Unerwünschte Werbe-Mails:Viel Spam um nichts

Verdienen Spam-Versender täglich traumhafte Geldbeträge? Forscher haben jetzt herausgefunden, was die Massenpost tatsächlich einbringt.

Helmut Martin-Jung

Jeden Tag werden weltweit um die 120 Milliarden E-Mails versandt. Auf gut 90 Prozent davon könnten die meisten Computernutzer jedoch gut verzichten - so hoch liegt mittlerweile der Anteil an unerwünschter Post, im Jargon Spam genannt. Werbemüll ist das meiste, aber auch Nachrichten mit gefährlicher Fracht im Anhang.

Unerwünschte Werbe-Mails: "Der beste Weg, Spam zu bewerten, ist selber zu spammen."

"Der beste Weg, Spam zu bewerten, ist selber zu spammen."

(Foto: Foto: iStock)

Die Frage aber, ob es sich für die Absender überhaupt lohnt, tagtäglich diesen gigantischen E-Müll-Tsunami loszutreten, konnte bisher aber nur mit Vermutungen beantwortet werden - es müsse wohl so sein, sonst würde es all diese Milliarden an Mails gar nicht geben. Und immer wieder ist von traumhaften Geldbeträgen die Rede, die Spam-Versender täglich verdienen.

Stefan Savage und seinem Team von der University of California, San Diego, war das alles zu ungenau. Um herauszufinden, was Spammer wirklich verdienen, ging er einen ungewöhnlichen Weg: "Der beste Weg, Spam zu bewerten, ist selber zu spammen", schreibt er in einer Veröffentlichung mit dem Titel Spamalytics.

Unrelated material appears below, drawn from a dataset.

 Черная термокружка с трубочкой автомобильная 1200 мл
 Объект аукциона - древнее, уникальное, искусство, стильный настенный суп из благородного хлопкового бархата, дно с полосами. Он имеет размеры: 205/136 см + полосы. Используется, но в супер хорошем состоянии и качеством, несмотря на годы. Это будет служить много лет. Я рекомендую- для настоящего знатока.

Knapp 470 Millionen E-Mails später war er um nicht allzuviel Geld, aber um einige Erfahrungen reicher. Die wichtigste Erkenntnis lautet: Um wenigstens ein bisschen Geld zu verdienen, müssen irrwitzige Mengen an Spam versendet werden. Die Margen der Spammer sind gar nicht so groß wie oft vermutet wird.

Straff organisiertes Netz

Unerwünschte E-Mails werden in aller Regel von Netzen infizierter Rechner aus verschickt. Diese sind ähnlich straff organisiert wie eine Ameisenkolonie. Computer, die mit dem Internet verbunden sind und Sicherheitslücken haben, werden von automatisierten "Aufsehern" als Arbeiter rekrutiert, die Spam versenden. Ihre menschlichen Besitzer ahnen davon meist nichts.

Viel Spam um nichts

Auch Savage und seine Mitarbeiter bemächtigten sich im Internet solcher Rechner und brachten knapp 76.000 Computer unter ihre Kontrolle. Dann legten sie unter anderem eine fingierte Online-Apotheken-Webseite an. So konnten sie feststellen, wieviele Menschen tatsächlich die von ihnen beworbenen Produkte bestellten.

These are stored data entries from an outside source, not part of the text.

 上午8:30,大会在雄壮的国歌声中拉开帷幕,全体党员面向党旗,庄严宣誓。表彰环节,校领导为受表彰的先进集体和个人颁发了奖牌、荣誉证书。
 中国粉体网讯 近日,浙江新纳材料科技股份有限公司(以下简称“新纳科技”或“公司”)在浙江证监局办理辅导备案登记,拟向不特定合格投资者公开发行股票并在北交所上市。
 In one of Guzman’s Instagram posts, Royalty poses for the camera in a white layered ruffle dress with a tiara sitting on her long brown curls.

Nach 26 Tagen und rund 350 Millionen versendeter E-Mails war das Ergebnis einigermaßen ernüchternd. Nur 28 Menschen hatten einen Kauf abgeschlossen, 27 davon für Produkte zur Steigerung der Manneskraft. Das entspricht einer Umwandlungsquote von unter 0,00001 Prozent. Es ging dabei im Durchschnitt um Käufe im Wert von knapp 100 Dollar. An den Tagen, an denen die Mail-Kampagne lief, hätte ein Spammer einen Umsatz von rund 140 Dollar pro Tag gemacht, rechnet Savage vor.

Weil aber das von den echten Spam-Versendern kontrollierte Netz willfähriger Mail-Maschinen fast 100-mal größer ist, rechnet der Spam-Experte auch damit, dass der Umsatz enstprechend höher liegt, seiner Schätzung nach bei etwa 9500 Dollar pro Tag. Savage warnt aber ausdrücklich davor, seine Daten als repräsentativ zu verwenden, dafür sei der Versuch zu klein dimensioniert gewesen und habe auch nur einige Wochen gedauert.

Savage und seinem Team glauben, dass im Falle des untersuchten Netzes aus gekaperten Rechnern, in dem es vor allem um Mails für Potenzpillen und ähnliches geht, Spamversender und Pharmaverkäufer ein- und dieselben Leute sind - würden die Spammer als Dienstleister für die Pharmaversender agieren, wären denen vermutlich die Kosten zu hoch.

Dass dem so ist, dafür gebe es eine Reihe von Hinweisen. Dies biete einen Ansatzpunkt, Spam effektiver zu bekämpfen, folgert Savage. "Die Gewinnspanne bei Spam könnte ziemlich dünn sein, die Spammer müssen also genau darauf achten, wie ihre Kampagnen laufen, und sie sind anfällig für neue Abwehrmaßnahmen."